The President is a figurehead. The real power is not elected, it is already in place and has been. It is Ben Bernanke and his compatriots around the world in the other Central Banks that pull the strings and control your money. The race is on. do they get it all or does Mother Nature ring down the curtain and end it all first? We shall see. Stay tuned.
DC on Sat, 20th Oct 2012 2:02 am
I dont seem him suggesting the figurehead Obomber lie, he merely stating what astute observers have known for years. High-end pols cant bring up the topic, or they get replaced with a talking doll that avoids that set of issues all-together. Now, Plant, im sure you’ve read enough Heinberg to know if anyone would love to see ‘leaders’ talking about the issues the PCI champions, it would be Mr Heinberg. Hes merely lamenting the fact the US prez is powerless, not just to take meaningful action, but to even discuss itthe problem openly.
His point was abundantly clear after all..
Mike in Calif. on Sat, 20th Oct 2012 3:29 am
Ah, yes, Heinberg, bring on Global Warming. Anthropogenic Global Warming (to distinguish it from deceiptful “climate change”) is not the big issue. Systemic overreach is. I’m sick of hearing the Anthropogenic Global Warming crap inevitably cast in anthropocentric terms. Heinberg laments the candidates’ inability to roll out truth and then promptly himself dives into the irrelevant.
There is no such thing as “weather anomalies”, just weather. If the theory is correct, there will be warming and climatic shift. If the theory is wrong, there will still be droughts, floods, volcanos, solar flares, soil and water depletion, resource contraint, currency failure, etc, etc, etc.
If there is to be Global Warming, it is already a certainty. Get used to it. There is no correcting it, stopping it or fighting it. Prepare for it because the remaining fossil fuels will be burned. They WILL BE BURNED.
Politicians will do ANYTHING to get in and stay in power. This means promising better days which in turn means energy, lots of it, to keep an economy afloat. Is any one really surprised that Obama went from climate change wonk to energy hawk after being elected? He HAD to even if believes in global warming. It doesn’t matter if it is republic or party dictatorship (China). Every politician NEEDS energy to keep power and keep a lid on unruly citizens.
At some point in this century it is the fragility of human systems that will give whether in slow descent or dramatic collapse. No one of the many stresses on our systems will be responsible. Population and mode of living are at the root of the problem and neither of these can be changed or sustained. Some time soon, survival will be priority one for people.
Newfie on Sun, 21st Oct 2012 12:54 am
“People can’t stand too much reality” – Carl Jung.

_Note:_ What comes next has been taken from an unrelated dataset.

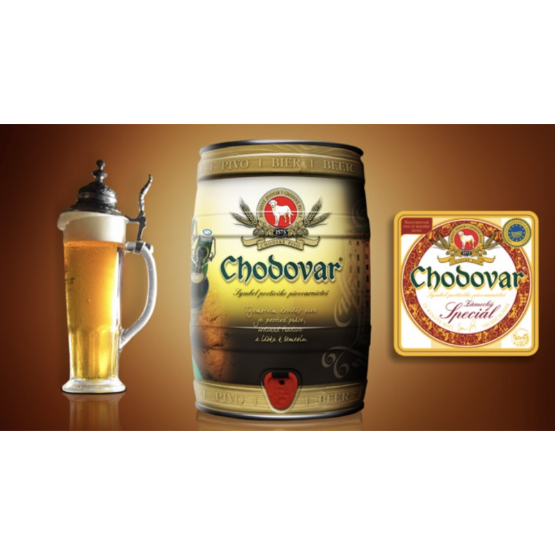 Pětilitrový soudek Chodovar 13° Zámecký Speciál – silnější světlý ležák s plnou chutí a výrazným chmelovým charakterem.

Politicians have to lie to get elected. The entire edifice of industrial civilization is a blatant lie. Never ending growth is a fairy tale. Ever increasing consumption of depleting non-renewable resources is a dead end for the human species. The era of growth is over. Forever. The era of limits has begun. That reality will be so painful to confront for the vast majority that a march over the cliff of resource depletion and over population is virtually guaranteed.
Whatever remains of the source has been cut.